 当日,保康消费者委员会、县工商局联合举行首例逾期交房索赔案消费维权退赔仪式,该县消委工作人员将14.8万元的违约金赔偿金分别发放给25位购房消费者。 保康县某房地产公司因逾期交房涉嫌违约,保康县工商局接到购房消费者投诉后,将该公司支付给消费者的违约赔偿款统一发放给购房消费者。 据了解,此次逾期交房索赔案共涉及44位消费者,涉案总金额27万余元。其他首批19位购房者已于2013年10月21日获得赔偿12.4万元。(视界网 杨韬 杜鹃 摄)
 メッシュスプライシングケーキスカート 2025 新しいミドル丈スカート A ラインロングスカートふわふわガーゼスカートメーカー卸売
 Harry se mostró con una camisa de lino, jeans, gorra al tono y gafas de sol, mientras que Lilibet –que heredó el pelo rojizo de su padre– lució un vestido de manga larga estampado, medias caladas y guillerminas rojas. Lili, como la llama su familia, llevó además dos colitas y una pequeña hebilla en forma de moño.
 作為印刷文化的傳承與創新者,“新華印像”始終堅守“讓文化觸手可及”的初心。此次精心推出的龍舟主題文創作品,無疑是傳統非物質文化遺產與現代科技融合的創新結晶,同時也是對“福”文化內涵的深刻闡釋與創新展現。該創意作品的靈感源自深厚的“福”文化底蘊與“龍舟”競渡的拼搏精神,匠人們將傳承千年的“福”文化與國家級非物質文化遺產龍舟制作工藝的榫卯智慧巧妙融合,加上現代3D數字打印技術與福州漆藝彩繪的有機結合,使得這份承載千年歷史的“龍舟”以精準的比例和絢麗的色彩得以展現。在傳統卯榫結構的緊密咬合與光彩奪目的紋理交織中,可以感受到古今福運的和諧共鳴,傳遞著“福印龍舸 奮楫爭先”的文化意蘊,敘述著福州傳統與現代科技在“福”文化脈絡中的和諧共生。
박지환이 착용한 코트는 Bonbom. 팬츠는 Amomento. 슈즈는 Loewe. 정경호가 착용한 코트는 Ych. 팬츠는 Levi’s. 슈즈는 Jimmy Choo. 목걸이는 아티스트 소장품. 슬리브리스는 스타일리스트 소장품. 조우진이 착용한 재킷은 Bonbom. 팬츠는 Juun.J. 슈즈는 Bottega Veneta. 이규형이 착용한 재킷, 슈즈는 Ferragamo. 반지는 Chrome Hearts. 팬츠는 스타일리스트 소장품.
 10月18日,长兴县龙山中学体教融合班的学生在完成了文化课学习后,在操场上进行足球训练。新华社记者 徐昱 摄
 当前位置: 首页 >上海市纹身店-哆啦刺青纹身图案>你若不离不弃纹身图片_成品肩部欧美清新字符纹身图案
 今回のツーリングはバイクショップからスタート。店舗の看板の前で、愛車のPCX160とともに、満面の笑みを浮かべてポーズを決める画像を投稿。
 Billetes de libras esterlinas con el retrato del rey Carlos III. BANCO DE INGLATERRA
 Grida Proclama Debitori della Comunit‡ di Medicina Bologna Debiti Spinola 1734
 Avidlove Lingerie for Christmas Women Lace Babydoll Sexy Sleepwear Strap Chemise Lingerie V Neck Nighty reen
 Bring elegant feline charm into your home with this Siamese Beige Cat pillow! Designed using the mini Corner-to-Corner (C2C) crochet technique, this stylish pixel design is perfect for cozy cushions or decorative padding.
□ □ □
Aim of the task
Write the lines out again exactly, beginning at the line that contains "Billetes de libras" and stopping only at the final line of the listing above.

Result of this exercise
 Billetes de libras esterlinas con el retrato del rey Carlos III. BANCO DE INGLATERRA
 Grida Proclama Debitori della Comunit‡ di Medicina Bologna Debiti Spinola 1734
 Avidlove Lingerie for Christmas Women Lace Babydoll Sexy Sleepwear Strap Chemise Lingerie V Neck Nighty reen
 Bring elegant feline charm into your home with this Siamese Beige Cat pillow! Designed using the mini Corner-to-Corner (C2C) crochet technique, this stylish pixel design is perfect for cozy cushions or decorative padding.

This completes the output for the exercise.